DATA FOR THIS TASK ::
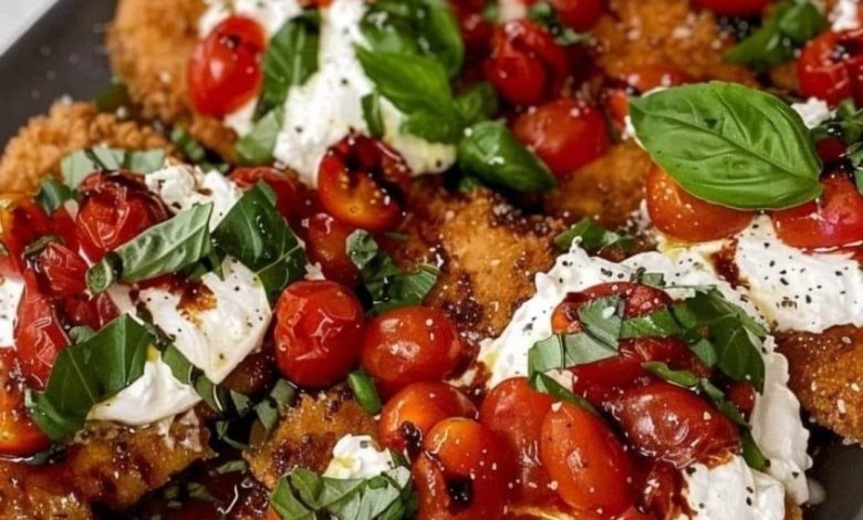 Crispy Chicken with Burrata, Roasted Cherry Tomatoes, and Basil
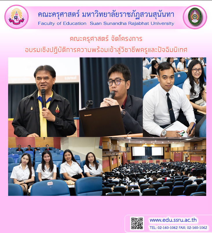 วันที่ 23 กุมภาพันธ์ 2563 คณะครุศาสตร์ จัดโครงการอบรมเชิงปฏิบัติการความพร้อมเข้าสู่วิชาชีพครูและปัจฉิมนิเทศ โดยได้รับเกียรติจาก นายธนาพงศ์ มงคลวรรณ บรรยายสังคมและเหตุการณ์ปัจจุบัน และ บรรยายการวิเคราะห์คำถามทางวิชาการ ณ หอประชุมสุนันทานุสรณ์ มหาวิทยาลัยราชภัฎสวนสุนันทา
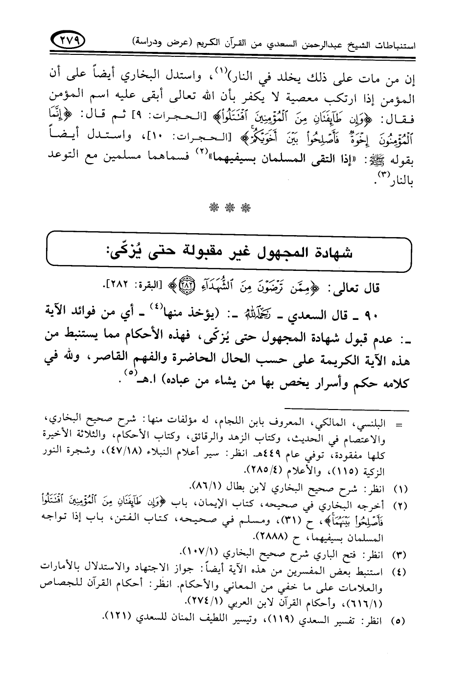 ٩٠ - قال السعدي -رحمه الله-: (يؤخذ منها (¬٤) -أي من فوائد الآية-: عدم قبول شهادة المجهول حتى يُزكّى، فهذه الأحكام مما يستنبط من هذه الآية الكريمة على حسب الحال الحاضرة والفهم القاصر، ولله في كلامه حكم وأسرار يخص بها من يشاء من عباده) ا. هـ (¬٥)
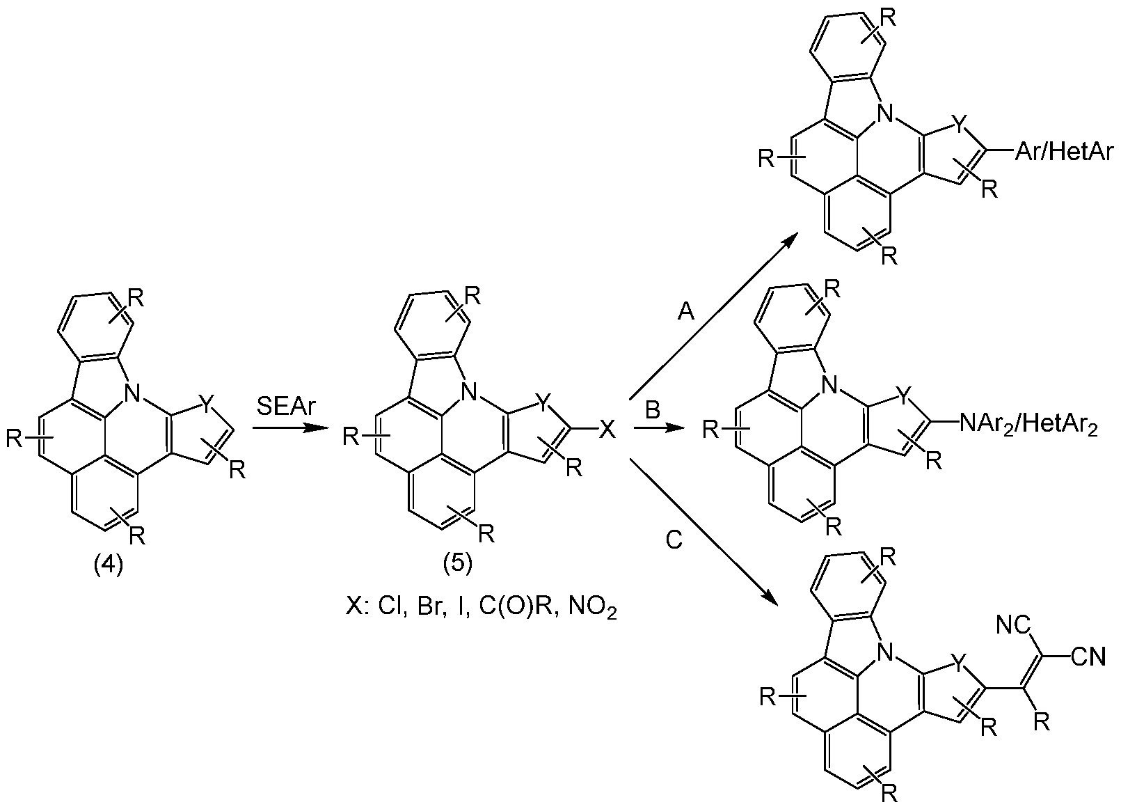 | CAO XUDONG ET AL: "CN-Containing donor-acceptor-type small-molecule materials for thermally activated delayed fluorescence OLEDs", JOURNAL OF MATERIALS CHEMISTRY C, vol. 5, no. 31, 1 January 2017 (2017-01-01), GB, pages 7699 - 7714, XP093197812, ISSN: 2050-7526, DOI: 10.1039/C7TC02481A * |
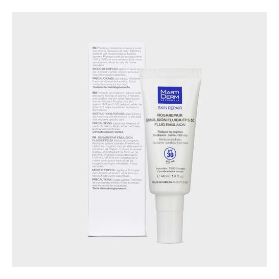 Martiderm Rosarepair Fluid Emulsion SPF30 40ml é uma emulsão facial fluida
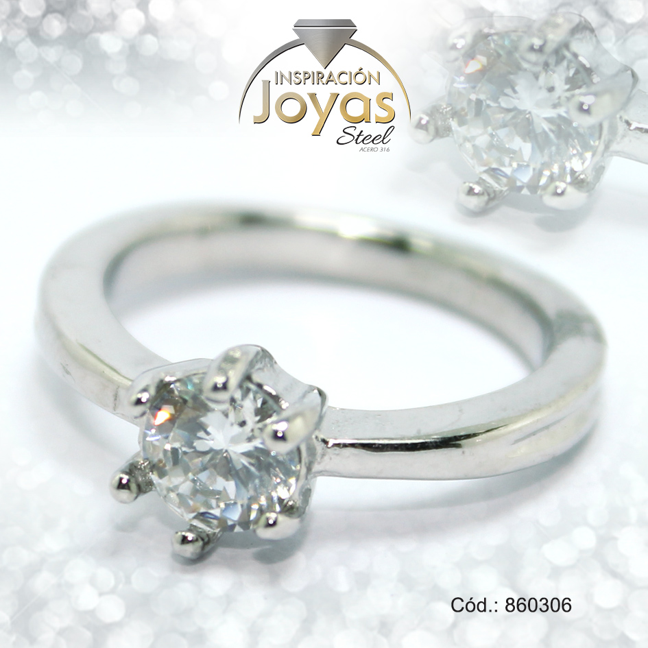Anillo de Acero Solitario Circón Plateado Círculo Talla 7 – 860306
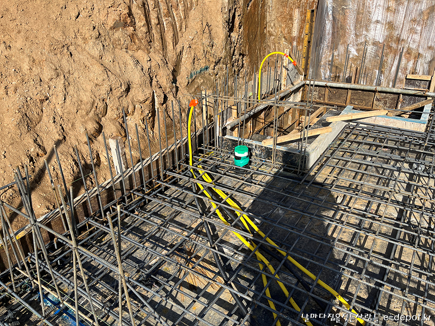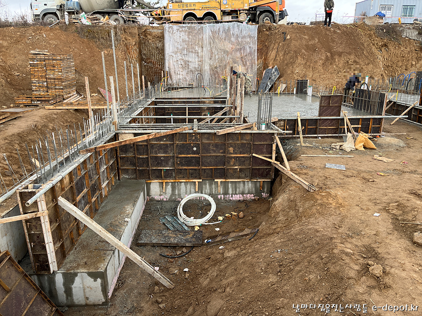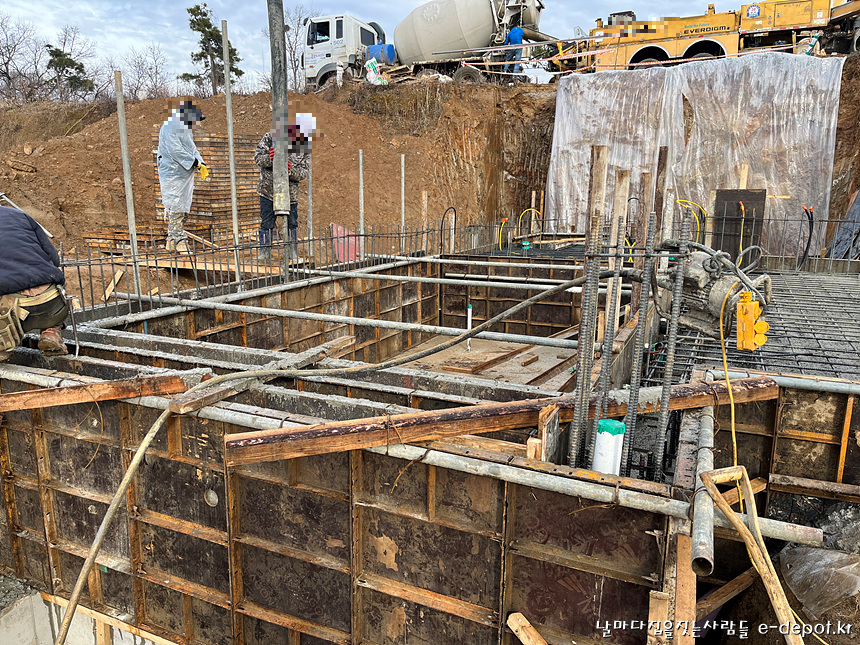 날마다집을짓는사람들의 풀빌라펜션신축 2차 기초공사 철근배근 후 콘크리트 타설과정이었습니다.
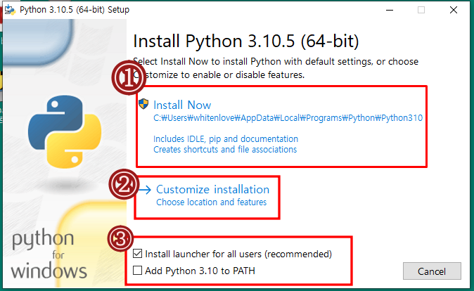 ③ 앞에서 언급한 파이썬 path 경로를 등록하는 항목이 있습니다. 이 또한 처음이라면 체크를 하셔서 진행하실 것을 추천합니다. 지정하지 않은 경우, 별도의 path를 등록하셔야 cmd에서 간편하게 파이썬을 활용할 수 있습니다.
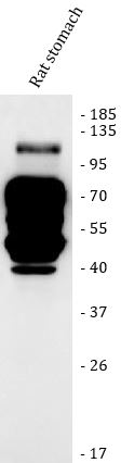 Western blot: Rat stomach stained with ARG45250 anti-TIGD1 / EEYORE antibody at 0.5 μg/ml dilution.
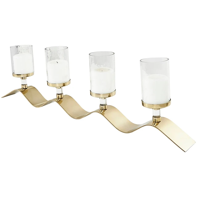 33" Gold Stainless Steel Candle Holder with Wavy Base

WHAT TO WORK ON :: Please restate exactly the lines from the one containing "วันที่ 23 กุมภาพันธ์" down to the end of the material, both ends kept, and do not include the pictures.

TASK ANSWER ::
 วันที่ 23 กุมภาพันธ์ 2563 คณะครุศาสตร์ จัดโครงการอบรมเชิงปฏิบัติการความพร้อมเข้าสู่วิชาชีพครูและปัจฉิมนิเทศ โดยได้รับเกียรติจาก นายธนาพงศ์ มงคลวรรณ บรรยายสังคมและเหตุการณ์ปัจจุบัน และ บรรยายการวิเคราะห์คำถามทางวิชาการ ณ หอประชุมสุนันทานุสรณ์ มหาวิทยาลัยราชภัฎสวนสุนันทา
 ٩٠ - قال السعدي -رحمه الله-: (يؤخذ منها (¬٤) -أي من فوائد الآية-: عدم قبول شهادة المجهول حتى يُزكّى، فهذه الأحكام مما يستنبط من هذه الآية الكريمة على حسب الحال الحاضرة والفهم القاصر، ولله في كلامه حكم وأسرار يخص بها من يشاء من عباده) ا. هـ (¬٥)
 | CAO XUDONG ET AL: "CN-Containing donor-acceptor-type small-molecule materials for thermally activated delayed fluorescence OLEDs", JOURNAL OF MATERIALS CHEMISTRY C, vol. 5, no. 31, 1 January 2017 (2017-01-01), GB, pages 7699 - 7714, XP093197812, ISSN: 2050-7526, DOI: 10.1039/C7TC02481A * |
 Martiderm Rosarepair Fluid Emulsion SPF30 40ml é uma emulsão facial fluida
Anillo de Acero Solitario Circón Plateado Círculo Talla 7 – 860306
 날마다집을짓는사람들의 풀빌라펜션신축 2차 기초공사 철근배근 후 콘크리트 타설과정이었습니다.
 ③ 앞에서 언급한 파이썬 path 경로를 등록하는 항목이 있습니다. 이 또한 처음이라면 체크를 하셔서 진행하실 것을 추천합니다. 지정하지 않은 경우, 별도의 path를 등록하셔야 cmd에서 간편하게 파이썬을 활용할 수 있습니다.
 Western blot: Rat stomach stained with ARG45250 anti-TIGD1 / EEYORE antibody at 0.5 μg/ml dilution.
 33" Gold Stainless Steel Candle Holder with Wavy Base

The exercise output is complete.